In Sharondale Corp. v. Ross , ___ F.3d ___, Case No. 93- 3644 (6th Cir. Dec. 16, 1994), the Sixth Circuit declined to embrace either the Seventh Circuit's McNew standard or the standard set for by the Board in Spece for finding a "material change in condition." Rather, the court adopted the hybrid approach proposed by the Director to hold that:

  • [T]o assess whether a material change is established, the administrative law judge must consider all of the new evidence, favorable and unfavorable, and determine whether the miner has proven at least one of the elements of entitlement previously adjudicated against him. If the miner establishes the existence of that element, he has demonstrated, as a matter of law, a material change. Then the ALJ must consider whether all of the record evidence, including that submitted with the previous claims, supports a finding of entitlement to benefits.
  • The court reasoned that such an approach "[a]ffords a miner a second chance to show entitlement to benefits provided his condition has worsened" but that "entitlement is not without limits, however; a miner whose condition has worsened since the filing of an initial claim may be eligible for benefits but . . . no miner is entitled to benefits simply because his claim should have been granted."

    [ III - 91, duplicate claims ]

    B. Benefits Review Board

    in Reigh v. Director, OWCP , ___ B.L.R. ___, BRB No. 92- 1380 BLA (Jan. 20, 1995)(published), the Board held that a blind dependent is not entitled to "automatic derivative entitlement under § 725.218(a)(2) where a determination has been made under Part B that the miner was totally disabled due to pneumoconiosis at the time of death or that the miner's death was due to pneumoconiosis since this interpretation is not inconsistent with the regulations and avoids a harsh result." Said differently, the Board held that "the automatic derivative entitlement provision pursuant to § 725.218(a)(2) is not available to claimant in this case, since the previous finding that the miner's death was due to pneumoconiosis was made in a survivor's claim filed pursuant to Part B of the Act." But see Deloe v.
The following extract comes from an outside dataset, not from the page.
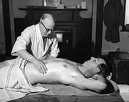 Yardley receiving massage in 1947 before a match against South Africa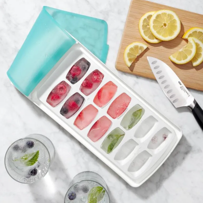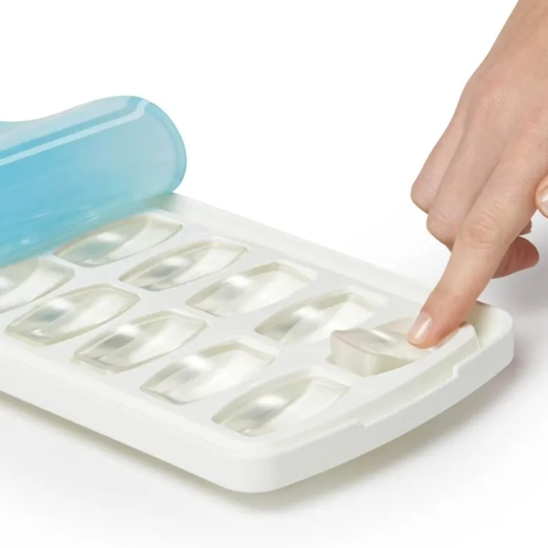 Isbitformen lager 14 isbiter på 22 ml hver. Det innovative silikonlokket gjør at du kan fylle isbitformen helt til randen uten å søle. Når du har fylt formen med vann, legger du lokket over formen og presser evt. overskytende vann ut, før du legger den i fryseren. Silikonlokket forsegler isbitformen, så vannet blir i formen, også selv om du plasserer den med en vinkel. Isbitenes form gjør at det er lett å få dem ut av formen, når de skal brukes.

Director, OWCP , 15 B.L.R. 1-9 (1991) (the Board held to the contrary following Sixth Circuit law). Consequently, the dependent's claim, which was filed in 1989, was adjudicated under Part 718 standards requiring evidence of death due to pneumoconiosis.

    [ II - 30, derivative entitlement/child ]

    In Petrosky v. Donex Mining, Inc. , BRB No. 94-652 BLA (Dec. 22, 1994)(unpublished), the Board held that the claimant had properly waived his right to legal representation under the Act. Therein, claimant appeared pro se before the administrative law judge, who failed to notify him that an attorney could not charge him a fee. The administrative law judge, however, did notify the claimant that he had a right to an attorney, offered to continue the proceeding until claimant could obtain representation, gave the claimant the opportunity to testify fully, and allowed the claimant to object to the submission of any evidence.

    [ XI - 1, right to counsel ]

    In contrast to Petrosky, supra , the Board later issued Talbert v. Meadow River Coal Co. , BRB No. 93-1525 BLA (Dec. 29, 1994)(unpublished) wherein the Board remanded the case for a de novo hearing, as in addition to failing to advise a pro se claimant of the advantages of obtaining representation, the administrative law judge further failed to inform the claimant that he is entitled to representation by counsel of his choice.

    [ XI - 1, right to counsel ]

    In Patrick v. Island Creek Coal Co. , BRB No. 93-1521 BLA (Dec. 29, 1994)(unpublished), the Board cited Shupink v. LTV Steel Co ., 17 BLR 1-24 (1992) and Rice v. Sahara Coal Co. , 15 BLR 1-19 (1990)(en banc), to state that in a claim involving a petition for modification, the administrative law judge is not to weigh new evidence against any contrary evidence when determining whether a "change in condition" is established.